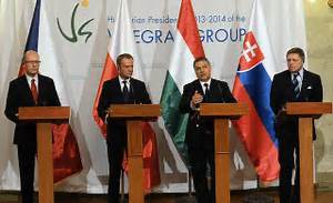 (Leaders & Flags of V4 Group, Left to Right: Czech Republic, Poland, Hungary, Slovakia)
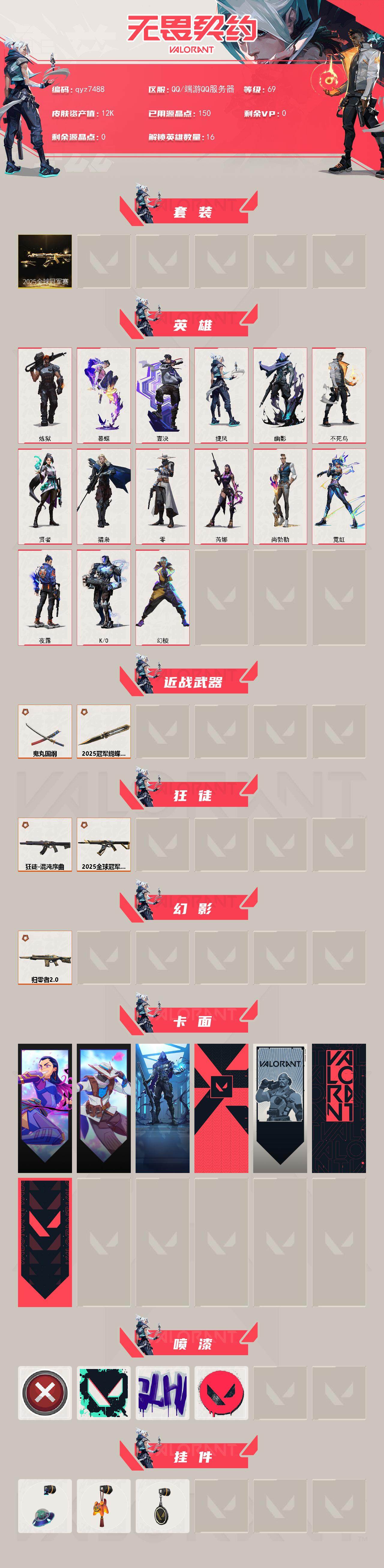 25冠军套/混沌ak/鬼丸-精品青铜小号急出可刀-qyz7488-近战武器皮肤:-鬼丸国纲2025全球冠军赛-蝴蝶刀-步呛皮肤:-狂徒-混沌序曲幻影-归零者//202025全球冠军赛-狂徒-亮点:-【qyz7488】【套装】:2025全球冠军赛套装【英雄】:幻棱,炼狱,暮蝶,壹决,捷风,幽影,不死鸟,贤者,猎枭,零,芮娜,尚勃勒,霓虹,夜露,k/o【近战-武器】:近战武器-2025全球冠军赛-蝴蝶刀,近战武器-鬼丸国纲【狂徒】:狂徒-2025全球冠军赛,狂徒-混沌序曲【幻影】:幻影-归零者//20【卡面】:无畏契约go!第一卷:芮娜-卡面,无畏契约go!第一卷:零-卡面,暗呛-卡面,代号红色-卡面,新兵报到-卡面,v契约-卡面,无畏契约-卡面【喷漆】:买装还是存钱-喷漆,胜利属于无畏契约-喷漆,glhf-喷漆,无畏契约-喷漆【挂饰】:天外飞客-挂饰,好运福爪-挂饰,无畏契约-纪念币-挂饰
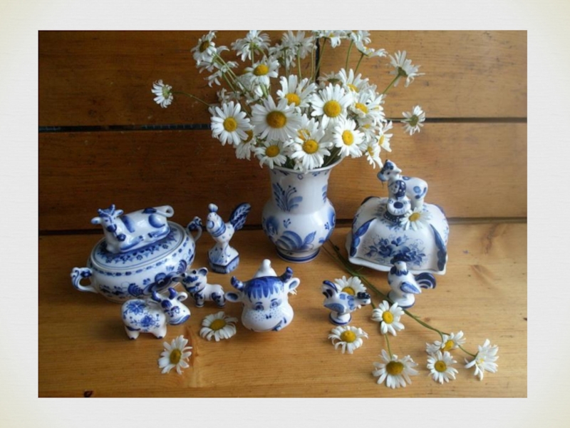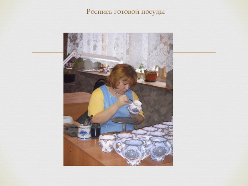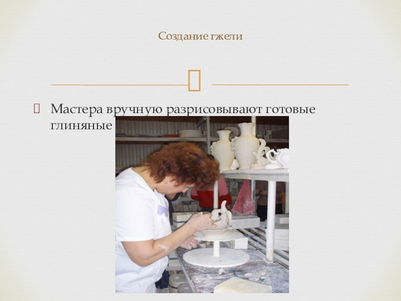 Мастера вручную разрисовывают готовые глиняные изделия.Создание гжели
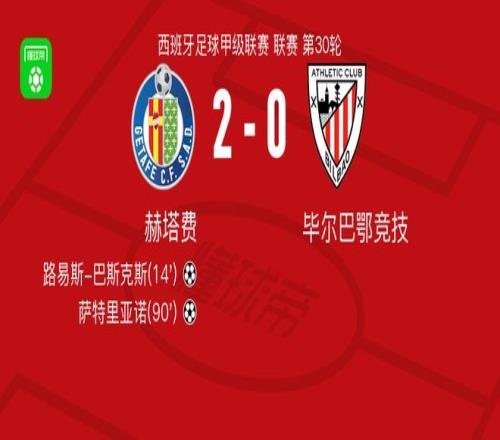 北京時間4月5日西班牙足球甲級聯(lián)賽 聯(lián)賽 第30輪,赫塔費主場對陣畢爾巴鄂競技。赫塔費路易斯-巴斯克斯破門,薩特里亞諾破門。最終比分赫塔費 2-0 畢爾巴鄂競技。
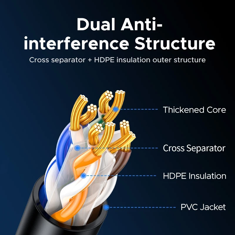Chống nhiễu hiệu quả: Cấu tạo lõi đồng nguyên chất cùng cấu trúc xoắn đôi giúp giảm thiểu nhiễu điện từ (EMI) và nhiễu chéo (Crosstalk), đảm bảo tín hiệu luôn liền mạch.
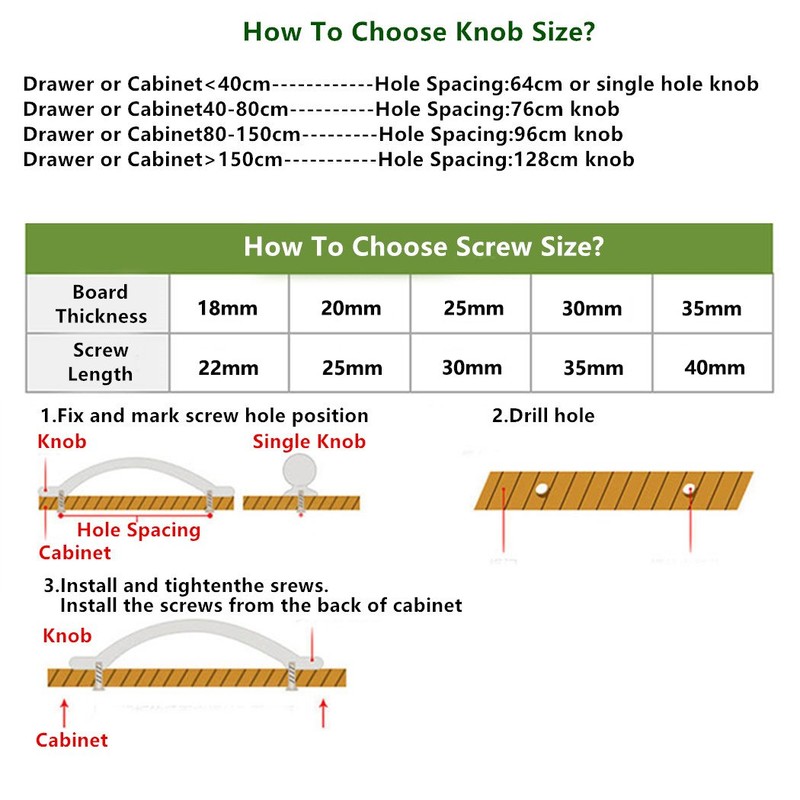 How To Choose Knob Size: We suggest you measure your furniture dimension before buy it. We have show the parameter list in picture for your reference.

__INSTRUCTIONS FOR THE TASK__:
Exactly reproduce the entries above, minus the pictures.

__YOUR RESPONSE__:
 (Leaders & Flags of V4 Group, Left to Right: Czech Republic, Poland, Hungary, Slovakia)
 25冠军套/混沌ak/鬼丸-精品青铜小号急出可刀-qyz7488-近战武器皮肤:-鬼丸国纲2025全球冠军赛-蝴蝶刀-步呛皮肤:-狂徒-混沌序曲幻影-归零者//202025全球冠军赛-狂徒-亮点:-【qyz7488】【套装】:2025全球冠军赛套装【英雄】:幻棱,炼狱,暮蝶,壹决,捷风,幽影,不死鸟,贤者,猎枭,零,芮娜,尚勃勒,霓虹,夜露,k/o【近战-武器】:近战武器-2025全球冠军赛-蝴蝶刀,近战武器-鬼丸国纲【狂徒】:狂徒-2025全球冠军赛,狂徒-混沌序曲【幻影】:幻影-归零者//20【卡面】:无畏契约go!第一卷:芮娜-卡面,无畏契约go!第一卷:零-卡面,暗呛-卡面,代号红色-卡面,新兵报到-卡面,v契约-卡面,无畏契约-卡面【喷漆】:买装还是存钱-喷漆,胜利属于无畏契约-喷漆,glhf-喷漆,无畏契约-喷漆【挂饰】:天外飞客-挂饰,好运福爪-挂饰,无畏契约-纪念币-挂饰
 Мастера вручную разрисовывают готовые глиняные изделия.Создание гжели
 北京時間4月5日西班牙足球甲級聯(lián)賽 聯(lián)賽 第30輪,赫塔費主場對陣畢爾巴鄂競技。赫塔費路易斯-巴斯克斯破門,薩特里亞諾破門。最終比分赫塔費 2-0 畢爾巴鄂競技。
Chống nhiễu hiệu quả: Cấu tạo lõi đồng nguyên chất cùng cấu trúc xoắn đôi giúp giảm thiểu nhiễu điện từ (EMI) và nhiễu chéo (Crosstalk), đảm bảo tín hiệu luôn liền mạch.
 How To Choose Knob Size: We suggest you measure your furniture dimension before buy it. We have show the parameter list in picture for your reference.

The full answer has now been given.